Que faire de cette maison ? La solution la plus sage est la plus raisonnable pour des gens sages et raisonnables, c’est de dire eh bien tu la mettras en vente dans l’état où elle est, en tant que propriétaire tu payeras seulement des impôts locaux. Elle sera à bas prix compte tenu de l’état et tu laisseras faire les agences immobilières qui voudront bien prendre en charge les démarches. A priori c’est la solution la plus facile, celle qui ne demandera pas d’effort pour l’entretien, celle qui la laissera abîmée presque en taudis parfois, je ne sais pas si c’est le terme exact, elle ne demandera pas des investissements financiers, la rénovation la réfection coûteraient effectivement très cher, cela vaut-il la peine de mettre de l’argent dans ce type de projet ? Sans doute non, je pourrais rester bien tranquille ailleurs. D’autre part je ne sais pas si j’ai la santé de faire autrement, si j’ai le courage de réparer le fil des ans.
Pourrais-je aussi m’opposer à cette force qui m’a sortie de cette même maison à l’âge de mes études universitaires, qui a fait que j’ai pris des voies plus normales, qui fait que j’aie pu m’y sentir parfois étrangère, surtout au temps où vivait mon père. Cette force qui a fait que j’ai mieux fait que mes parents, par exemple…
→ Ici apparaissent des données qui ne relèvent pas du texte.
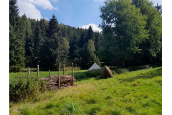 Ik bied zeer rustige tentplaatsen aan de rand van de verspreide nederzetting Rübenau, direct aan de Tsjechische grens. Iets verderop is er ook een camperplaats. Het droogtoilet, de vuurplaats en de wasruimte worden gedeeld. De tentplaatsen bevinden zich op een bergweide onder bomen, direct aan de grensbeek. De vrij te kiezen plaatsen zijn omgeven door bomen en struiken (vrije keuze van plaatsen op plaatsen waar geen hoog gras groeit). Rondom bevinden zich biodiverse natuurgebieden en beschermde natuurgebieden. De dichtstbijzijnde huizen liggen op enkele honderden meters afstand en de plaatsen zijn vanaf daar niet zichtbaar. De toegang is via een openbare weg en een pad. De Kammweg (kwaliteitswandelpad) ligt op 10 minuten loopafstand. Tafels en stoelen, een vuurplaats met een vuurschaal en brandhout (gratis, gebruik op eigen risico - brandveiligheid!), de oever van de beek om te wassen/baden en een droogtoilet op de steenberg zijn beschikbaar (zie boekingsinformatie voor de legenda). De omliggende gebieden zijn gewijd aan natuurbehoud en kunnen worden bezocht, maar wees voorzichtig. Er is ook een privétoilet/gereedschapsschuur en een eigen circuswagen bij de kampeerplaatsen, die niet gebruikt mogen worden. Boven de steengroeve heeft u een prachtig uitzicht op het dorp Rübenau ('s avonds zonnebank, toegang op eigen risico).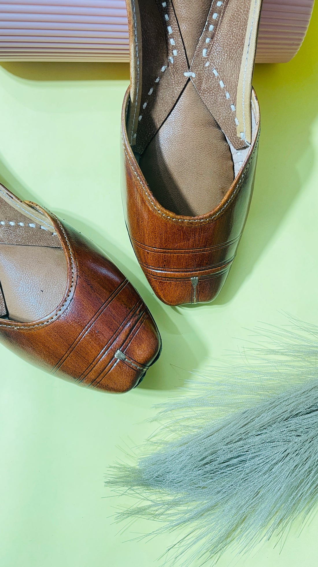 For those who love understated elegance, these juttis are crafted in a rich tan-brown leather...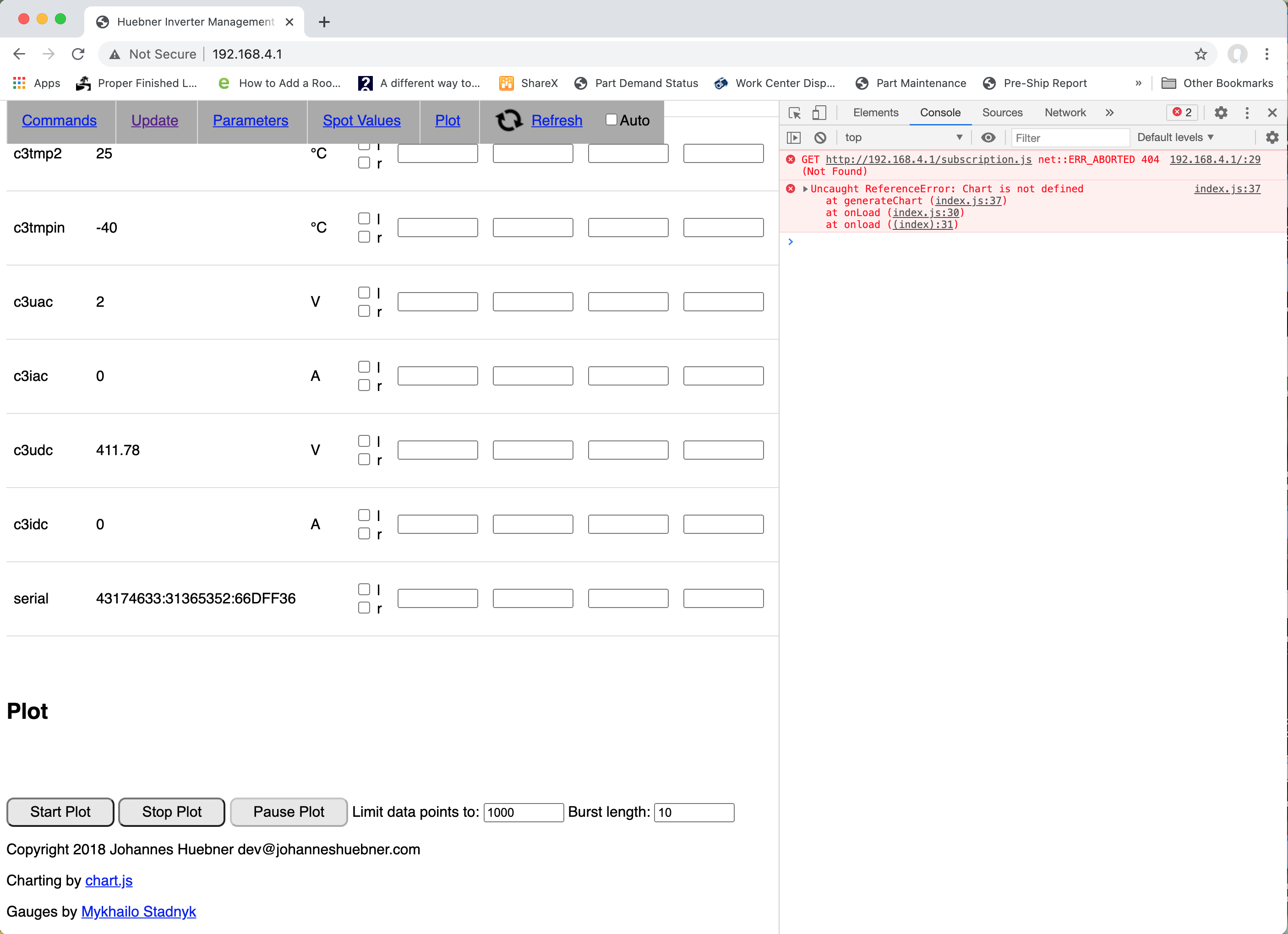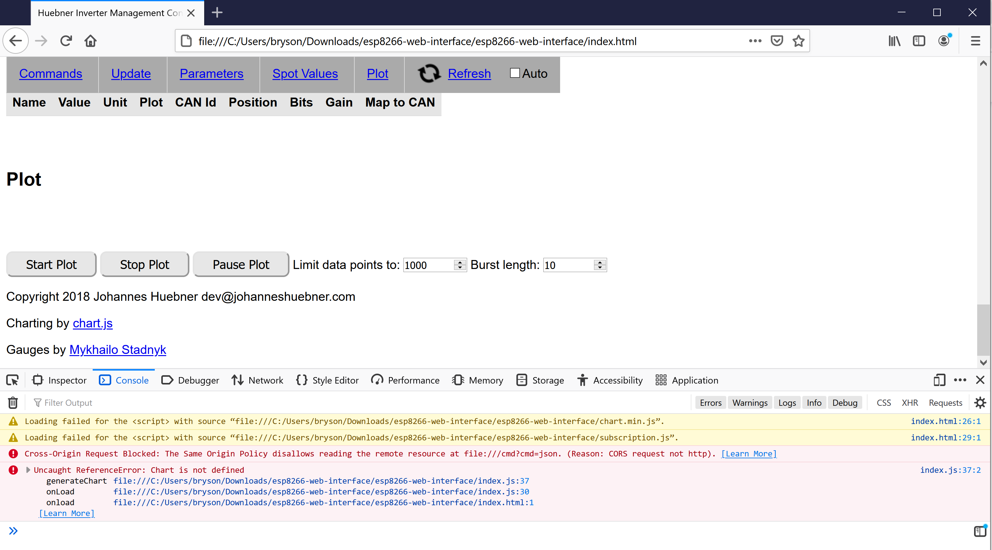 Screen grab with error log from Chrome. Should I just load the unpacked file directly? The plot chart shows up when I unpack within the same directory and reload index.html

Sans doute il ne fallait pas lire le Musée de l’innocence de l’écrivain turc Ohran Pamuk. C’était hier en écoutant une émission de France Culture sur lui tout en arpentant le jardin de la maison que j’ai acquise dans mon foyer conjugal, une maison dont l’entretien n’a rien à voir avec ma maison natale. J’ai noté l’incroyable attachement aux objets qui ont été récupérés pour en faire un musée de la femme aimée. Je me demande s’il est possible de faire de ma maison natale quelque chose de ce genre, un musée personnel où chaque trace de mon enfance, de mon adolescence serait revisitée, ce serait la plus belle des réparations que de réparer les serrures des poignées de porte, réparer des volets, une baignoire en sabot, des lavabos, des WC, des planchers, des plafonds, des marches d’escalier, des réduits, une chambre dite sauvage tout est dit dans ce terme inventé par ma mère quand elle avait relégué dans cette pièce ma grand-mère et mon grand-père maternels qui ne parlaient pas un mot de français. Cela pourrait être le titre : La Chambre Sauvage.